3. В «Известиях отделения литературы и языка АН СССР» (1947, VI, 2, стр. 115 и др.) вышла статья Н. С. Чемоданова «Структурализм и советское языкознание». Эта статья свидетельствует о явно недостаточном знании материала. Под общее наименование структурализма автор подводит работы пражского лингвистического кружка, насколько они ему известны, работы Брёндаля, Ельмслева и Бенвениста. Является ли правильным для всех этих работ одно общее наименование?

4. Современное положение таково, что позиции младограмматиков окончательно оставлены. Новые направления борются между собой, и нужно, чтобы в этой борьбе каждое направление определило свое отношение не только к младограмматизму, как это обычно делалось до недавнего времени, но также и прежде всего к другим направлениям. В своей статье мы разберем эти отношения. Чтобы лучше понять проблемы, о которых идет речь, мы должны вернуться к Фердинанду де Соссюру, к его «Курсу общей лингвистики». Именно Ельмслев постоянно возвращается к этой основополагающей книге женевского учителя.

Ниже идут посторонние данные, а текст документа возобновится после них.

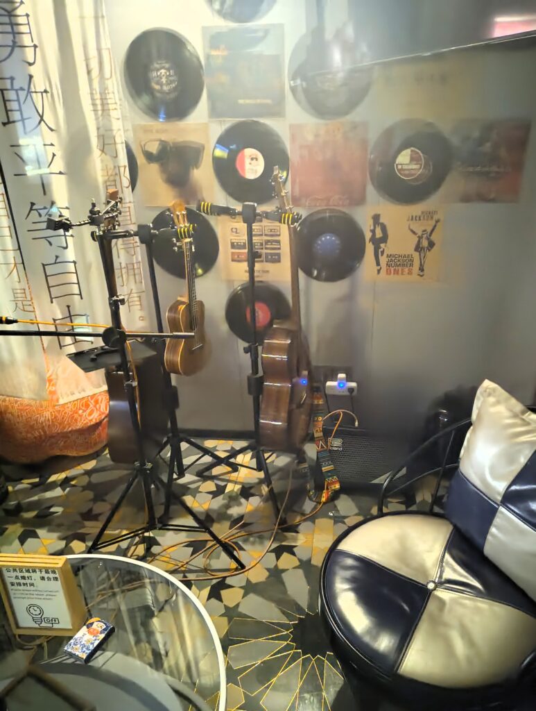 That afternoon, I asked again if the jacket had finally arrived, and the manager also asked. So I pestered Ben again, he sent an updated delivery slip, and the manager called a number. A driver said he’d be there in 30 minutes. I was so relieved that I grabbed the guitar he’d handed me yesterday. I’d been telling my colleague from school how embarrassing it was to be asked to play something from Austria in such a situation, and I just couldn’t think of anything. She suggested “Das Brünnerle,” a simple folk song. Now I sang it, relieved about my jacket. The manager insisted on a microphone, and that’s how I heard how inaccurate my intonation was—I need to practice! (I hadn’t sung in months and also before I wasn’t the best trained singer.)

В данном случае имеются в виду два противопоставления, которые де Соссюр ввел или, вернее сказать, вернул в языкознание. Это противопоставление langue и parole (т. е. «языка» и «речи») и противопоставление signifiant и signifie (т. е. «означающего» и «означаемого»). Эти противопоставления совершенно бесспорны и мало кто их отрицает. Однако после прочтения книги Соссюра становится очевидным, что нужно сожалеть о том, что он не мог сам подготовить к печати издание своих лекций (они вышли после его смерти). Он не мог предвидеть, как подробно будут разбираться его взгляды. А в его объяснениях мы находим ряд непоследовательностей и неясностей. Это обнаруживается прежде всего в противопоставлении langue и parole. В одном месте мы читаем (стр. 37), что «язык» (langue) — это совокупность наших навыков, а в другом (157), что «язык» (langue) — это форма, а никоим образом не субстанция. Также неясно и противопоставление «означающего» и «означаемого» (signifiant и signifie). Означаемое, говорит Соссюр, — это не la chose («вещь»), но только le concept («понятие») (98). Таким образом, остается неясным отношение знака к действительности.

Идеи Соcсюра были развиты затем, как известно, тем направлением, которое называют структурализмом. Фонология, т. е. структуральная фонетика, стала вскоре общепринятой наукой. Здесь нет необходимости объяснять, что значит для языкознания фонология и что она ему принесла. Напротив, посмотрим на то, чего она ему не дала.

Фонология совершенно правильно подчеркивает всегда свой функциональный характер. Но что она дает для решения вопросов семасиологических, т. е. для решения основных, почти жизненно необходимых вопросов современного языкознания? Скажем прямо — почти ничего. И это вполне естественно. Фонема, в отличие от единиц более высокого уровня, как например морфемы, слова, предло-


жения и т. д., является единицей, не имеющей значения. Функцией фонемы является создание морфем, слов, предложений и т. д. Поэтому вся фонология построена на проблеме «означающего» (signifiant). Все проблемы знака здесь, собственно, отодвинуты в сторону. Поэтому во взглядах на фонологию среди структуралистов существует относительное согласие. Даже Ельмслев и Ульдалль, которые в так называемой фонематике, а позже в глоссематике задались целью преобразовать фонологию, вовсе не намеревались изменять ее до основания. Они хотели лишь сделать ее более точной посредством перенесения в область чистых отношений.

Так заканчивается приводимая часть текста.